• **Collected material**
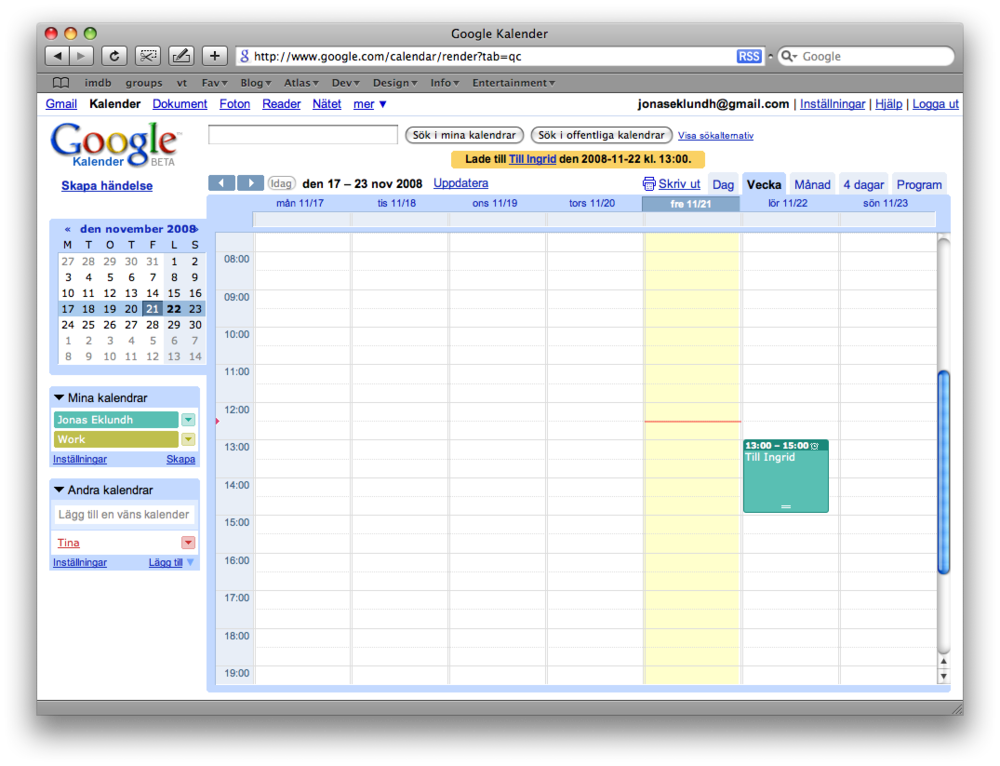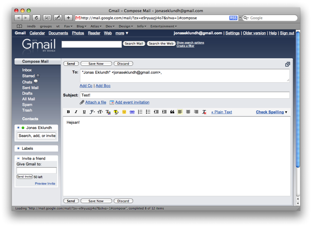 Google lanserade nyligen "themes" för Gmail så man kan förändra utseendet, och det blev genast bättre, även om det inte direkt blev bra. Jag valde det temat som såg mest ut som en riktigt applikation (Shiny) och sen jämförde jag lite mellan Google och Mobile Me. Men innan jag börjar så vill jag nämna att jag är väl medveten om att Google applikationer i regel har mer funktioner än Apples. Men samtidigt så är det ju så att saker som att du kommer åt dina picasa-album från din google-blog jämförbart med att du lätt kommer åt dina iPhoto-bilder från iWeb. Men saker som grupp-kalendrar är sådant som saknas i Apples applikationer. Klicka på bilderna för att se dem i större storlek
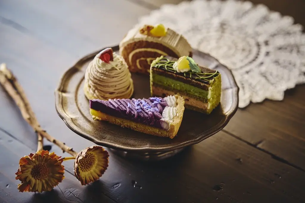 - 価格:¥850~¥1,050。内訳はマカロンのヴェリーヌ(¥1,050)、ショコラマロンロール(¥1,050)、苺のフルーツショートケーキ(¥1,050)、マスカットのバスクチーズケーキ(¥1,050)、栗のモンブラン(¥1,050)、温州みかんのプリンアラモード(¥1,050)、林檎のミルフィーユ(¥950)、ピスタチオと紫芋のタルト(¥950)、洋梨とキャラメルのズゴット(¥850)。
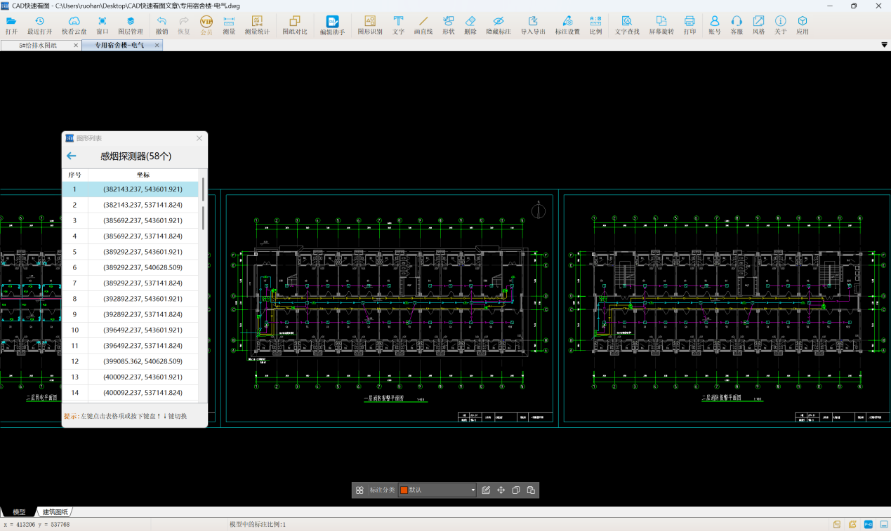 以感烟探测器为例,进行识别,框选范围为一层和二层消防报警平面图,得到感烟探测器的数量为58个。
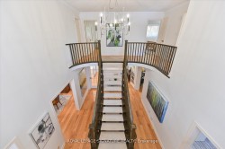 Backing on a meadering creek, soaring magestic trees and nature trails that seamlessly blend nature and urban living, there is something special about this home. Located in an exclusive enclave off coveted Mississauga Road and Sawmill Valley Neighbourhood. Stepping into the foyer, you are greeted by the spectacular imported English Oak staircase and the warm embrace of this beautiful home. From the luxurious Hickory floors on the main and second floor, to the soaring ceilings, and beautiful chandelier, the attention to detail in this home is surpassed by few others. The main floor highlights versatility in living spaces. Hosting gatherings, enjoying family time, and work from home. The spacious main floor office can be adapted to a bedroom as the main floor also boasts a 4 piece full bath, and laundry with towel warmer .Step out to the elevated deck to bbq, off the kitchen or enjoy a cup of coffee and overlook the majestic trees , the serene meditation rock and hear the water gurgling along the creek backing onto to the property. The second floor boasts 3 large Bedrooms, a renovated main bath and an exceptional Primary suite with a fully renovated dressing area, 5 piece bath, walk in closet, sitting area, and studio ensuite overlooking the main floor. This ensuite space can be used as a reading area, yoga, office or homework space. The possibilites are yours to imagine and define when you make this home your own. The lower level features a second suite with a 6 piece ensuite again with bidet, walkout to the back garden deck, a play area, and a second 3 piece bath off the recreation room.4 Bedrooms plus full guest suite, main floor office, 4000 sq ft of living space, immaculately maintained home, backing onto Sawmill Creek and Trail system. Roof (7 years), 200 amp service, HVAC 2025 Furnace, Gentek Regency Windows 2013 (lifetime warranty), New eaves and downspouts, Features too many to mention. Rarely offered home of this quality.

• **Task requirements**
Look above for the line with "- 価格:¥850~¥1,0", then give again exactly every line from there through the line with "以感烟探测器为例,进行识别,框选范围为一", skipping the pictures.

• **Result for this exercise**
 - 価格:¥850~¥1,050。内訳はマカロンのヴェリーヌ(¥1,050)、ショコラマロンロール(¥1,050)、苺のフルーツショートケーキ(¥1,050)、マスカットのバスクチーズケーキ(¥1,050)、栗のモンブラン(¥1,050)、温州みかんのプリンアラモード(¥1,050)、林檎のミルフィーユ(¥950)、ピスタチオと紫芋のタルト(¥950)、洋梨とキャラメルのズゴット(¥850)。
 以感烟探测器为例,进行识别,框选范围为一层和二层消防报警平面图,得到感烟探测器的数量为58个。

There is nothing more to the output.